A multilingual site can increase traffic, broaden your audience, and support international backlink acquisition (SEO.fr), provided you follow specific rules: clean architecture, hreflang, cross-language internal linking, strong editorial quality, and no duplication.
How do you roll out an effective strategy without creating duplicate content?
Use a clear URL structure (subfolders/subdomains/ccTLDs), consistent canonical tags, and correct hreflang. Above all, genuinely localise content (intent, proof points, vocabulary) rather than publishing near-identical translations.
Which best practices should you prioritise when launching a new language?
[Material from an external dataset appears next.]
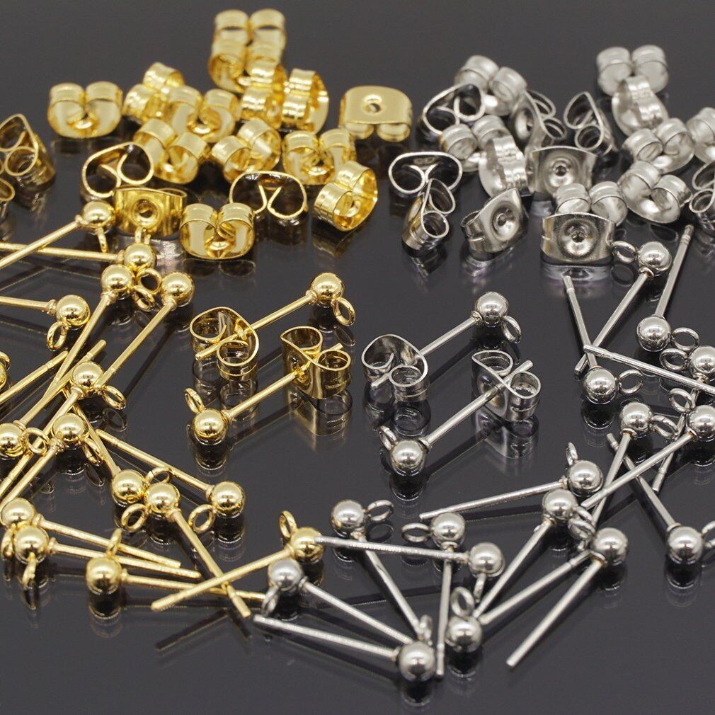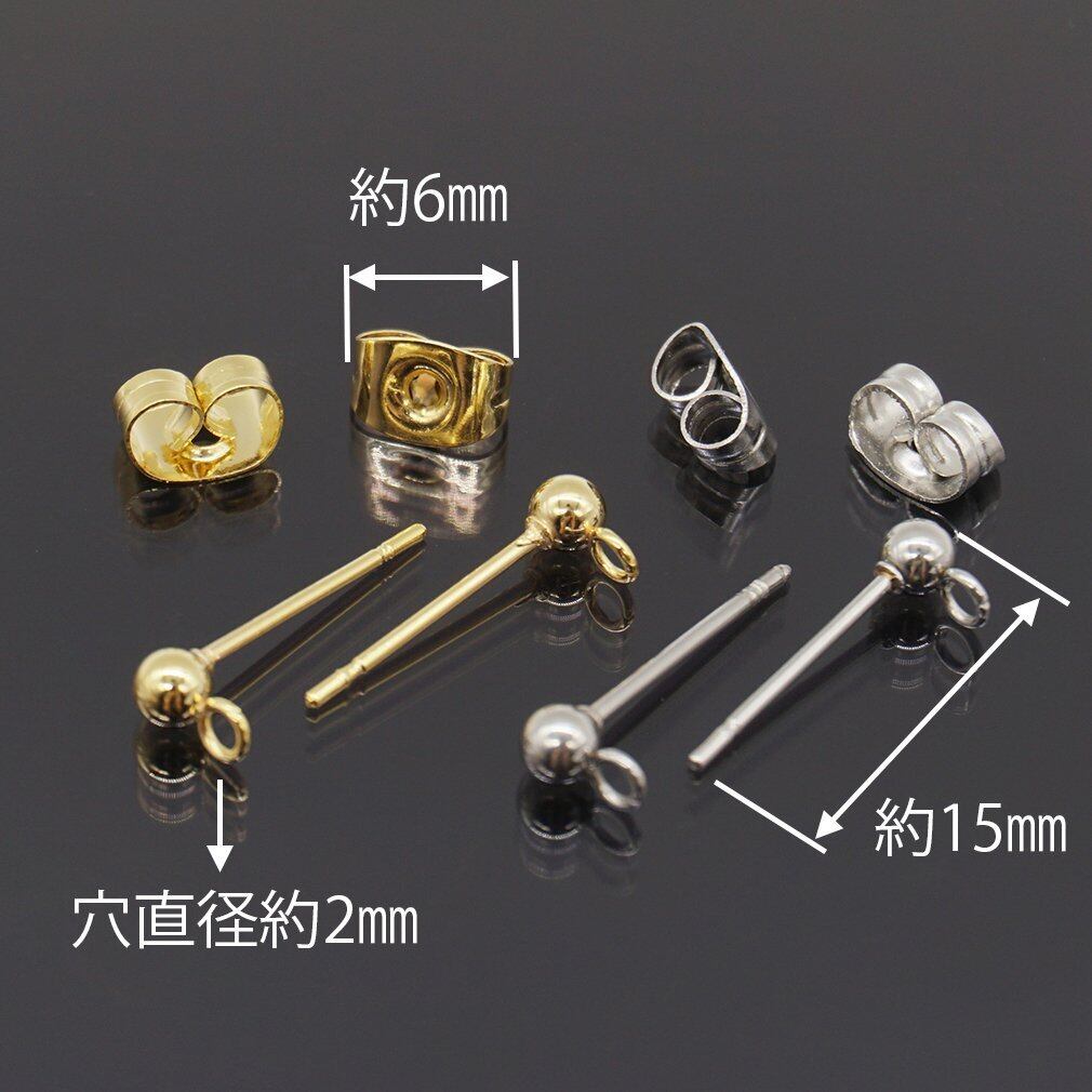サージカルステンレス カン付き ピアス パーツ 3mm 丸玉 キャッチ付き ゴールド シルバー 2色20ペア40個 セット

Start with key pages (home, offer/product pages, high-traffic pages), localise keywords, translate metadata too (titles, descriptions, slugs, alt text), verify hreflang and the sitemap, then measure before scaling up (WPML).
What are the most common mistakes (hreflang, canonicals, redirects)?
The most frequent issues are: non-reciprocal hreflang or hreflang pointing to redirected URLs, inconsistencies between hreflang and canonical tags, overly aggressive geo-redirects, and partially translated pages (SEO.fr, WPML).
Which tools should you use in 2026 to manage international SEO?
For demand and competition: Keyword Planner, Semrush, Ahrefs (Version Internationale). For performance management: Google Search Console and GA4, segmented by country/language. For technical checks: crawling plus validation of sitemaps/hreflang/canonicals.
How do you measure results by language and country, all the way to ROI?
Track market-level KPIs (impressions, rankings, organic traffic, conversions, revenue), segment in GSC and GA4, then connect costs (production, localisation, development) to gains to manage ROI comparably across countries (see SEO ROI).